Gee, I’m not good enough for some other church, I’ll go to this one… ?
“Ten Thousand Nuns and Orphans? What’s so bad about that?”
They were all eaten by rats."
Some local concrete place has this slogan on the side of its trucks: “Your hole is our goal.”
The Ford Aspire. What? It has aspirations of becoming a car?
Some of San Francisco Muni’s more recently built or rehabbed buses have GPS-based “talkers” that do the obvious task of announcing the route and destination when the door opens and displaying the upcoming stop on a sign inside the bus. The system also plays out helpful nuggets of information like “watch out for pickpockets” and “Thank you for riding Muni. Please leave by the rear doors.”
More often than not, the bus that takes me to work in the mornings has trouble uttering complete sentences. Instead of saying “54 Felton to Daly City BART” it says “54 Felto-” The internal messages get munched as well. “Thank you for riding Muni. Please leave-”
So Muni’s slogan now is “Please leave”
A fish restauraunt close by has the slogan, Forget the meatloaf Mama, I’m comin’ home with crabs!
I know I’ve brought it up before, but since CNN & FoxNews’ ill-conceived slogans have been mentioned, here’s my favourite local news slogan from BCTV:
If it matters in your world, it’s news to us.
I remember when i used to live in boston seeing a sign at an automotive supply store that said “we do rim jobs”
An Army Of One
I seem to remember seeing a satire of that somewhere, saying something like, “Army launches ‘Army of One’ ad campaign; seeks to attract troubled loners…”
Im sure you have heard the slogan from the Pork industry, “The other white meat”, which is not all that bad, but this slogan is…
Sign in front of a radiator shop…
“Good place to take a leak”
For years, U-Haul trucks and trailers said “Adventure in Moving.” Let me tell you, if I’ve got all my worldly stuff in a truck, and I’m schlepping it cross-country, the last thing I want is an “adventure.” It was a particularly wonderful slogan when you’d see a U-Haul truck on the shoulder, steam pouring out from under the hood.
Siemens. The company. I don’t know what their slogan is, but man, what a bad name to choose.
In Ventura, CA, there’s a business (I think they do something with oil) called BJ Services. I shit you not. Check it out if you want: from 101, get on the 33 toward Ojai, take the first exit, turn right at the stop, left at the light, then about 1/2 mile~mile down the road, it’s on the left, where a road Ts in on the right. They’ve got a flag which we all want to ahem “acquire.”
I meant to include this one in my previous post, but got a little over-zealous with the clicking…
A few years back I saw a truck for Allied, “The Careful Movers.” Fairly commonplace, no? The thing making this one memorable was the fact that it was laying on its side 20’ off the freeway. I’d hate to see what happens when they’re not being careful!

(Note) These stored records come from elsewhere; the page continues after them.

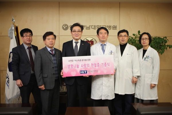 기증 행사는 대전보건대가 지난해 11월 대한적십자사와 대전·세종·충남혈액원 간 연계 진행한 ‘생명나눔 동절기 단체헌혈 행사’에서 302명의 학생들이 500장의 헌혈증서를 기증하면서 마련됐다. 대전보건대는 소아암·저소득층 환자 치료지원을 위해 혈액원과 헌혈 약정을 맺고 정기적인 헌혈을 진행하고 있으며 이번 기증을 통해 어려워진 혈액수급에 큰 도움이 될 것으로 기대하고 있다.
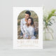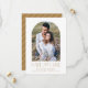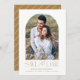 Announce your wedding date in style with our modern photo save the date. The simple save the date card features your engagement photo inside of a white arch frame. "Save the Date" is displayed in gold modern serif and script fonts with a white background. Personalise the front of the save the date by adding your names, wedding date, and wedding location. The card reverses to display a gold and white stripe pattern.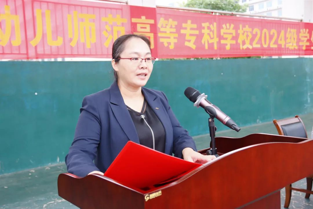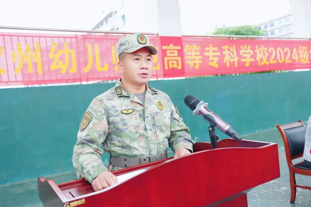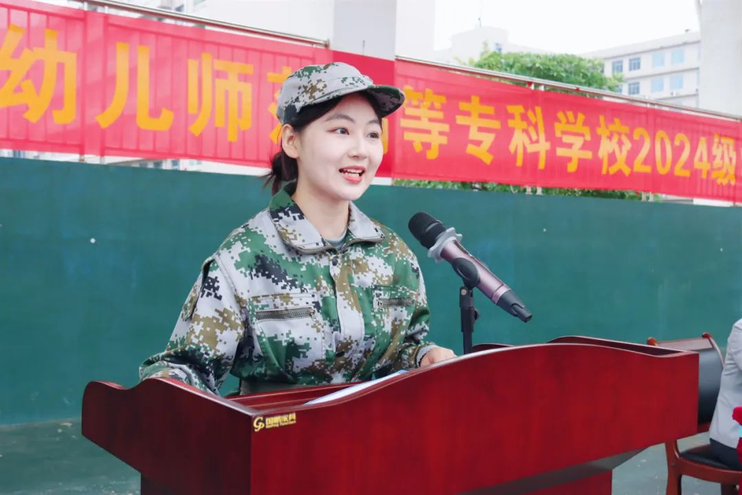 学前教育专业2024(10)班李雨倩同学代表军训学员作表态发言。她承诺,将会以一名“军人”的标准严格要求自己,尊重教官、服从指挥,团结协作、共同进步,坚持不懈、勇于挑战,严守纪律,在军训中乘风破浪,收获成长的果实。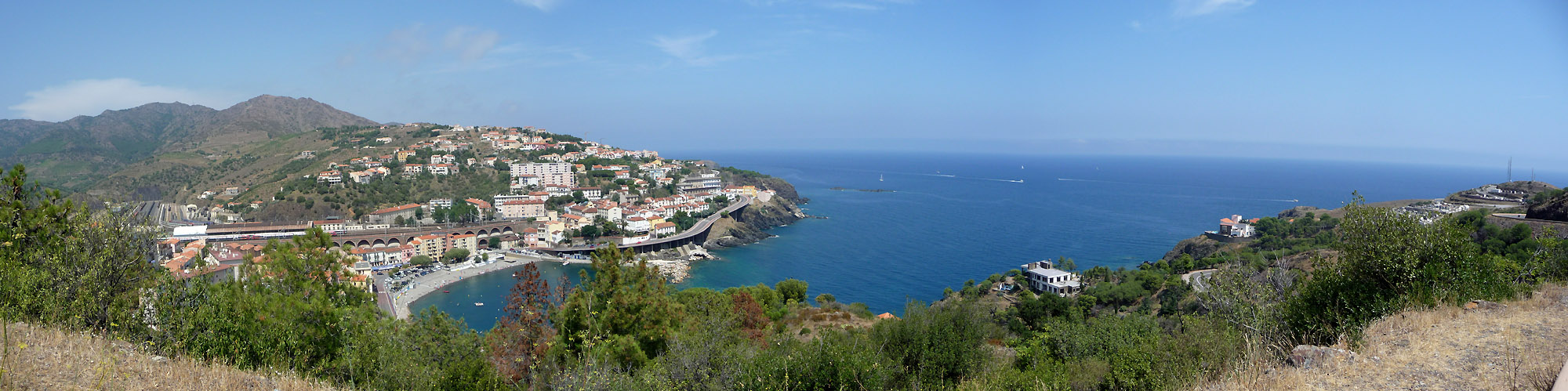Auf der französischen Seite kurz unterhalb der Passhöhe liegt der Ort Cerbère und seine anliegende Bucht. Der Strand ist nicht das Gelbe vom Ei, und alles ist dicht bebaut, aber trotzdem ists ein schöner Anblick.

I have also seen the radiator shop slogan, this one for Starke (Florida) Radiator Service - “Best place in town to take a leak!”
A sign outside an antique shop in southern Georgia said, “Dead people’s stuff for sale.”
I like the sign on the door at Schlotzsky’s Deli - “No shirtzskys, no shoezskys, no Schlotzsky’s.”
The University of South Carolina’s mascot is the Gamecock, and SC has a bunch of sports fans who live for the college football season. I’ve seen bumper stickers that said, “No one can lick our Cocks!”
Beauty salon ran this ad once in the local paper: “The beauty business is great! You never run out of ugly people.”
The place you saw this was almost certainly The Onion. I remember seeing it there myself. Damned if I can find it, or remember the exact wording, but it was something along the lines of “‘Army of One’ campaign launched; Army gives up pretense of recruiting well-adjusted folks, seeks same belligerent loners that always volunteer.”